CS 315 Assignment 11: MapReduce
Due: December 2, 2011.
Files: Cons.java   MapReduce.java  
file1.txt   decind.txt   movies.txt
This assignment should be done in Java.
The purpose of this assignment is to gain experience with MapReduce
programming. MapReduce is used by Google for much of their
processing of large data sets (terabytes of data). Hadoop is an
open-source version of MapReduce written in Java; it is available
to commercial users through Amazon Web Services.
For this assignment, we will use a simplified version of MapReduce;
the way in which it is programmed is similar to Hadoop.
A MapReduce program has two basic components provided by the user, a
Mapper and a Reducer; these in turn have methods
map and reduce. The MapReduce class
calls the methods and manages the data.
map has two arguments,
a String key and a String value, plus the
MapReduce mr. For our purposes, the key will be
a line number (sometimes used, sometimes not used), and the
value will be a line of text. map will emit
zero or more items of data by calling mr.collect_map with
arguments of a key and a value that is a list of one
String (potentially more).
Note that the key in the call to mr.collect_map
is often different from the key parameter to the
map method. As an example, suppose that the mapper program
detects some conditions in the lines of input text and wants to
count those conditions; for condition foo, the call to emit this
output would be mr.collect_map("foo", list("1")); In this case,
"foo" is the key, and the value is a list of one String
value, in this case denoting one occurrence of foo.

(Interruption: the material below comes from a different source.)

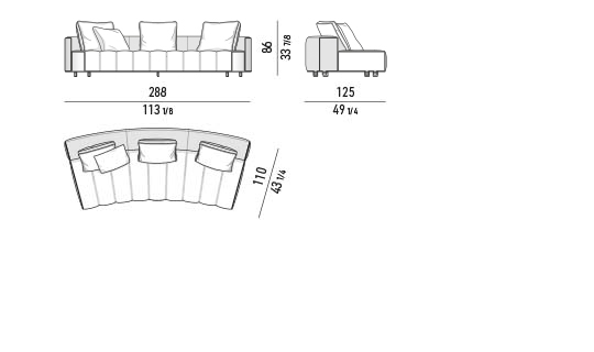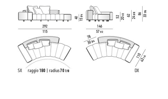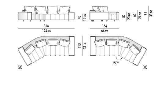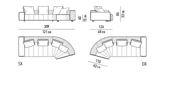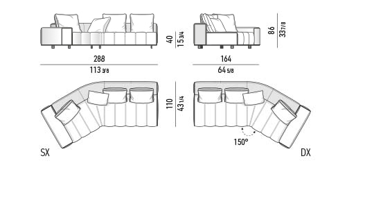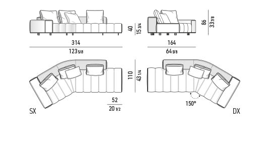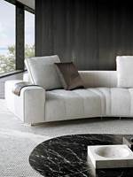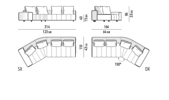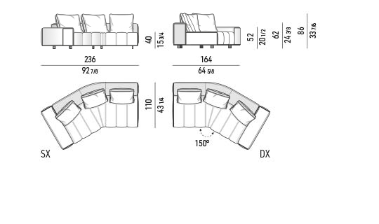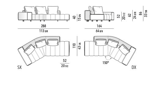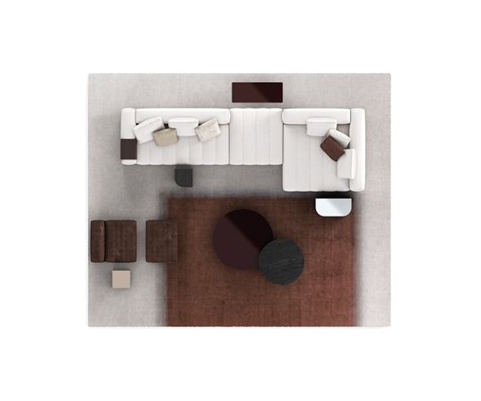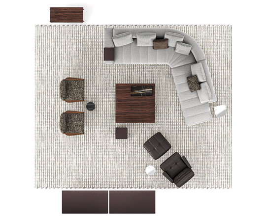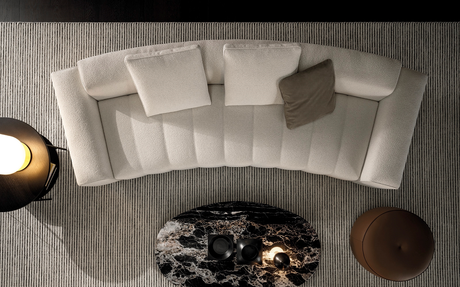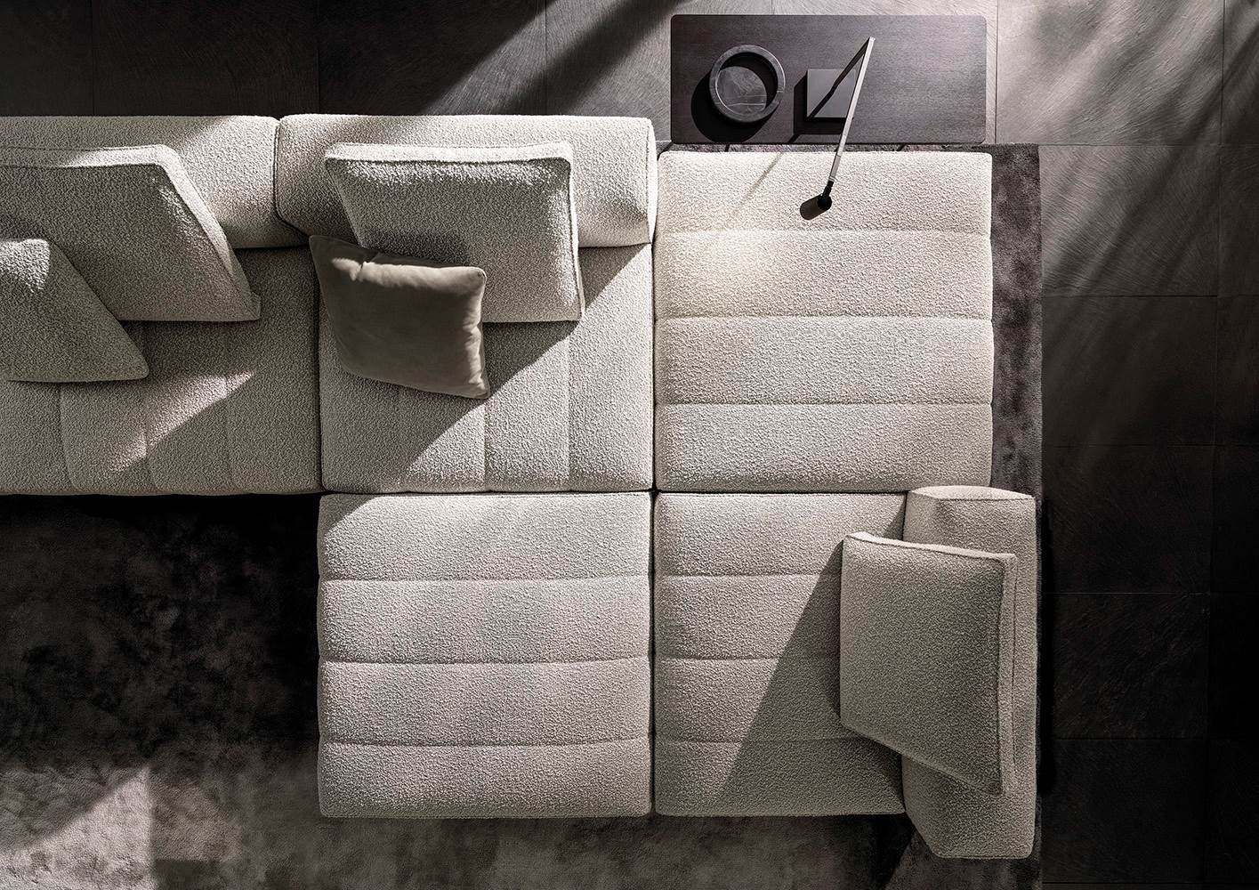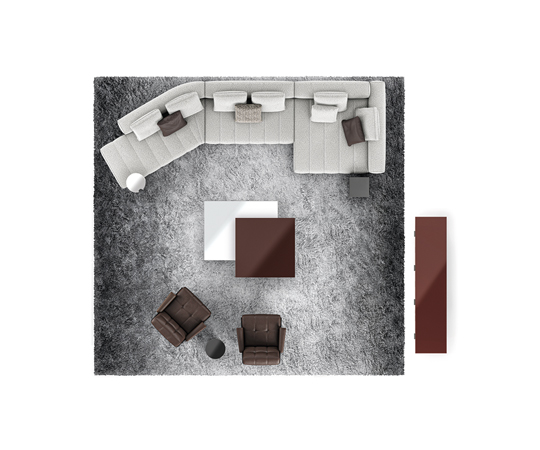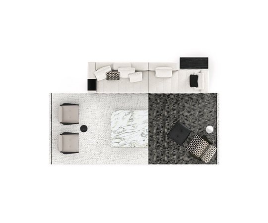 トラディショナルな直線コンフィギュレーションに、よりダイナミックな動きをもたらす曲線や傾斜エレメントが加わりました。際立つ湾曲が特徴的な傾斜エレメントは、30度、75度、90度の角度を持つコンポジションが可能なようにデザインされています。斬新な曲線コンフィギュレーションは、よりトラディショナルなモジュールと組み合わせても、しなやかな湾曲を描く外観をもたらすことができ、リビングルームの新しいアレンジメントを実現します。個々の多様なニーズやテイスト、そして住宅における暮らし方の絶え間ない変化に触発されながら、常に進化し続ける柔軟なシステムです。

The reduce method gets a key that is a String,
and a value that is a list of lists of (usually one) String.
The value contains all the values emitted for that key
by the map method, collected into a single list. The task
of reduce is to produce an answer from the list of values
and output that answer by calling mr.collect_reduce . The answer
is of type Cons, a list of the key and combined value. As
an example, if there are 3 occurrences of foo, the value
would be (("1") ("1") ("1")) ; the quotation marks are shown
here to emphasize that the values are String and must be parsed
to get integer values, e.g. by Integer.decode(). The final value might
be a list ("foo" 3), where the 3 is the
Integer combined value.
- An example pair of methods to perform a line count of a file is
provided. This example simply emits
mr.collect_map("line", list("1")); for each line. The reduce
method parses and adds the 1 counts, to emphasize this technique,
although it could simply find the length of the list.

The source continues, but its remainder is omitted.